Solution: The Saga pattern — a sequence of local transactions coordinated by events.

Saga Pattern

A saga is a sequence of local transactions. Each step has a compensating transaction to undo if a later step fails.

graph LR
    T1[Local TX 1] --> T2[Local TX 2]
    T2 --> T3[Local TX 3]
    T3 -->|Success| S[Complete]
    T3 -->|Failure| C3[Compensate T2]
    C3 --> C2[Compensate T1]
    C2 --> F[Aborted]

Saga Example: Order Placement

Step Service Forward Action Compensating Action
1 Order Service Create order (PENDING) Cancel order
2 Inventory Service Reserve items Release reservation
3 Payment Service Charge payment Issue refund
4 Order Service Confirm order (CONFIRMED)

Saga Coordination: Choreography vs Orchestration

Choreography — Event-Driven

Each service publishes events; other services react. No central coordinator.

sequenceDiagram
    participant OS as Order Service
    participant K as Kafka
    participant IS as Inventory Service
    participant PS as Payment Service

    OS->>K: OrderCreated
    K->>IS: [OrderCreated]
    IS->>IS: Reserve items
    IS->>K: InventoryReserved
    K->>PS: [InventoryReserved]
    PS->>PS: Charge payment
    PS->>K: PaymentCharged
    K->>OS: [PaymentCharged]
    OS->>OS: Confirm order

Choreography: Failure Flow

sequenceDiagram
    participant OS as Order Service
    participant K as Kafka
    participant IS as Inventory Service
    participant PS as Payment Service

    OS->>K: OrderCreated
    K->>IS: [OrderCreated]
    IS->>IS: Reserve items
    IS->>K: InventoryReserved
    K->>PS: [InventoryReserved]
    PS->>PS: Payment fails
    PS->>K: PaymentFailed
    K->>IS: [PaymentFailed]
    IS->>IS: Release reservation
    K->>OS: [PaymentFailed]
    OS->>OS: Cancel order

Choreography Characteristics

Aspect Detail
Coupling Loose; services don't know each other
Visibility Hard to see full saga flow
Complexity Grows with number of steps
Failure handling Each service publishes compensating events
Best for Simple sagas (2–4 steps)

Orchestration — Central Coordinator

A saga orchestrator directs the flow.

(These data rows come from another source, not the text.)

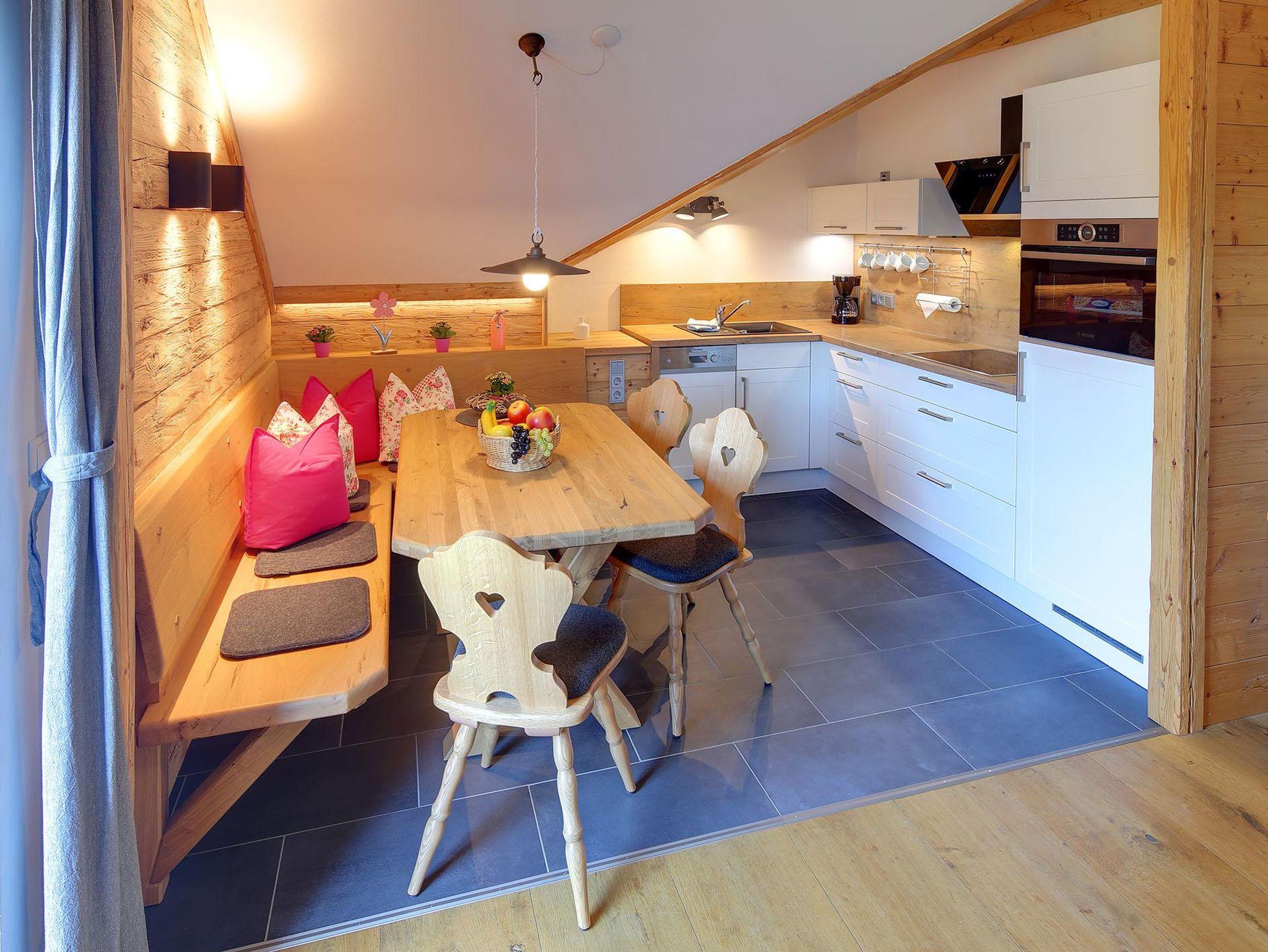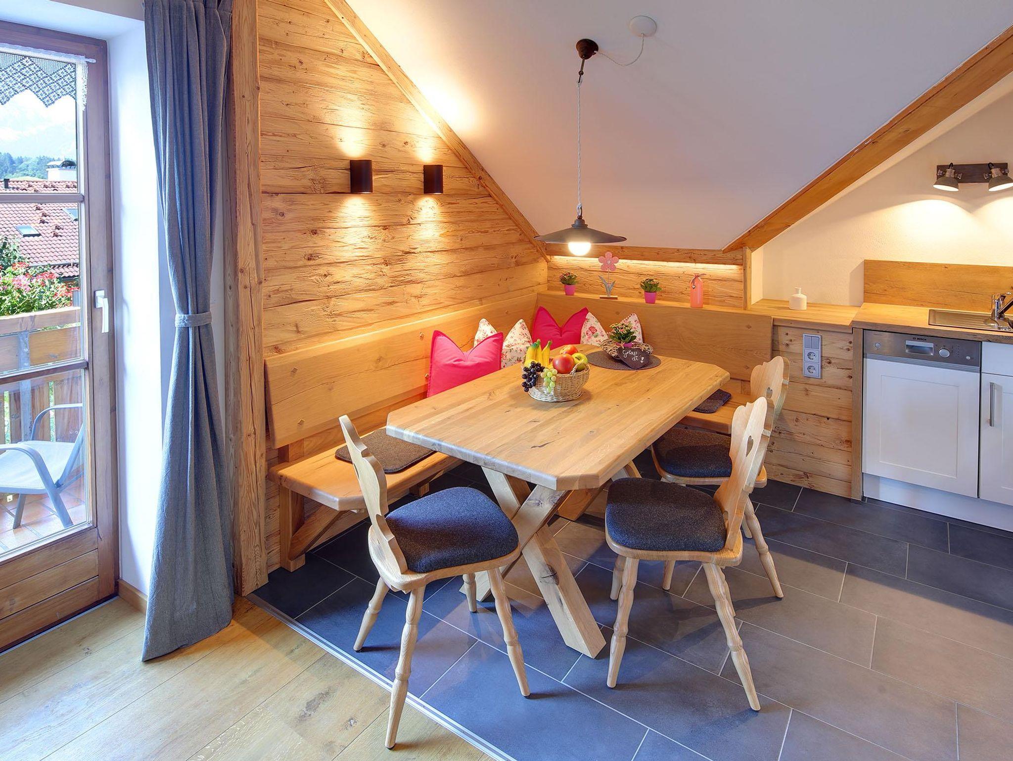 Unsere große 3-Raum-Ferienwohnung Säuling ist mit einer Größe von 73 m² ist mit seinen zwei separaten Schlafimmern für 2-5 Personen geeignet. Die Wohnung liegt im 2. Stock und ist mit einer großen Wohnküche mit Sofaecke, Küche, Essplatz mit 5 Sitzplätzen, 2 separaten Schlafzimmern und einem neuen modernen Bad ausgestattet. Die Wohnung ist nach Südosten ausgerichtet und besitzt zwei großen Süd-Ost-Balkone mit einem herrlichen Blick auf das Schloss Neuschwanstein und die Allgäuer- und Tannheimer Berge. Herrlich gemütlich wirken die hohen Dachschrägen aus Holz in der großen Wohnküche. Hier finden Sie eine moderne Küche, eine rustikale Essecke mit Bank und eine moderne Couch. Von hier betreten Sie Ihren 10 m² großen Südbalkon mit Mobiliar und traumhaften Blick auf die Füssener Bergwelt und die umliegenden Häuser. Die Küche ist mit Spülmaschine, Kühlschrank mit Gefrierfach, 4 Platten-Cerankochfeld mit Backofen, Kaffeemaschine, Wasserkocher und Toaster ausgestattet. In der Wohnküche befindet sich ein Flachbildschirm (43 Zoll) mit SAT/TV und kostenfreiem WLAN. Direkt von der Wohnküche spazieren Sie in ein Schlafzimmer mit Doppelbett und großem Schrank sowie einem zweiten Flachbildschirm. Auch von hier haben Sie Zugang zum großen Südbalkon. Das zweite Schlafzimmer mit Doppelbett und Einzelbett ist mit einem eigenen Ostbalkon mit 6 m² ausgestattet. Das moderne Bad in grauer Steinoptik besitzt eine Walk-In-Dusche, WC, Waschbecken und einen herrlich großen Spiegel. Das Highlight in dieser Wohnung: von beiden Balkon haben Sie einen herrlichen Blick auf das Schloss Neuschwanstein.
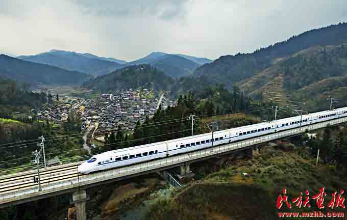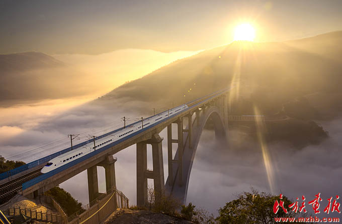 改革開放40年來,少數(shù)民族和民族地區(qū)成為改革開放的切實受益者,2017年1月1日,滬昆高鐵線上的列車沐浴著新年的陽光飛馳在云貴高原上(史家明 攝影)
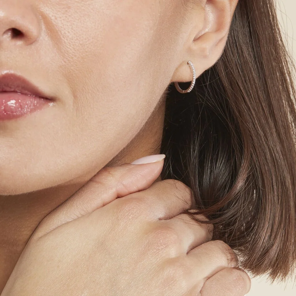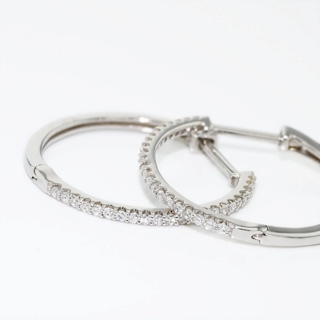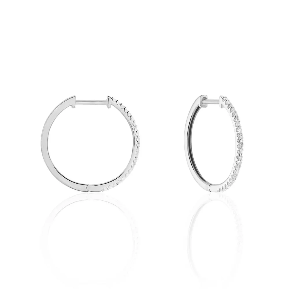 Créoles Or Blanc 375/1000 Diamants 0.12ct Diamètre 15mm Largeur 0.95mm

It tells each service what to do and handles responses.

sequenceDiagram
    participant O as Saga Orchestrator
    participant IS as Inventory Service
    participant PS as Payment Service
    participant SS as Shipping Service

    O->>IS: ReserveInventory
    IS->>O: InventoryReserved
    O->>PS: ChargePayment
    PS->>O: PaymentCharged
    O->>SS: CreateShipment
    SS->>O: ShipmentCreated
    O->>O: Saga complete

Orchestration: Failure Flow

sequenceDiagram
    participant O as Saga Orchestrator
    participant IS as Inventory Service
    participant PS as Payment Service

    O->>IS: ReserveInventory
    IS->>O: InventoryReserved
    O->>PS: ChargePayment
    PS->>O: PaymentFailed
    O->>IS: ReleaseReservation
    IS->>O: ReservationReleased
    O->>O: Saga aborted

Orchestration Characteristics

Aspect Detail
Coupling Orchestrator knows all participants
Visibility Clear view of saga state
Complexity Centralized; easier to manage
Failure handling Orchestrator manages rollback
Best for Complex sagas (5+ steps)

Orchestration Tools

Tool Description
Temporal.io Durable workflow engine; code-based
AWS Step Functions Serverless state machine
Camunda BPMN-based workflow
Axon Framework Java-based; saga + event sourcing
Netflix Conductor Microservices workflow orchestration

Choreography vs Orchestration

Aspect Choreography Orchestration
Coupling Lower Higher (to orchestrator)
Visibility Harder to trace Central dashboard
Single point of failure None Orchestrator
Complexity Distributed Centralized
Testing Harder Easier
Best for Simple flows Complex flows

When to Use Which

Scenario Recommendation
2–4 steps, simple flow Choreography
5+ steps Orchestration
Need workflow visibility Orchestration
Team familiar with events Choreography
Complex branching logic Orchestration
Minimal infrastructure Choreography

Compensating Transactions

Compensations undo the effects of forward transactions. They must be idempotent and safe to execute multiple times.

Compensation Design

Forward Action Compensation Notes
Create order Mark order cancelled Don't delete; keep audit trail
Reserve inventory Release reservation Restore available count
Charge payment Issue refund Stripe/PayPal refund API
Send email Send cancellation email Can't unsend; send follow-up
Create shipment Cancel shipment May not be possible if shipped

Semantic Compensation

Some actions can't be truly undone. Use semantic compensation — a corrective action.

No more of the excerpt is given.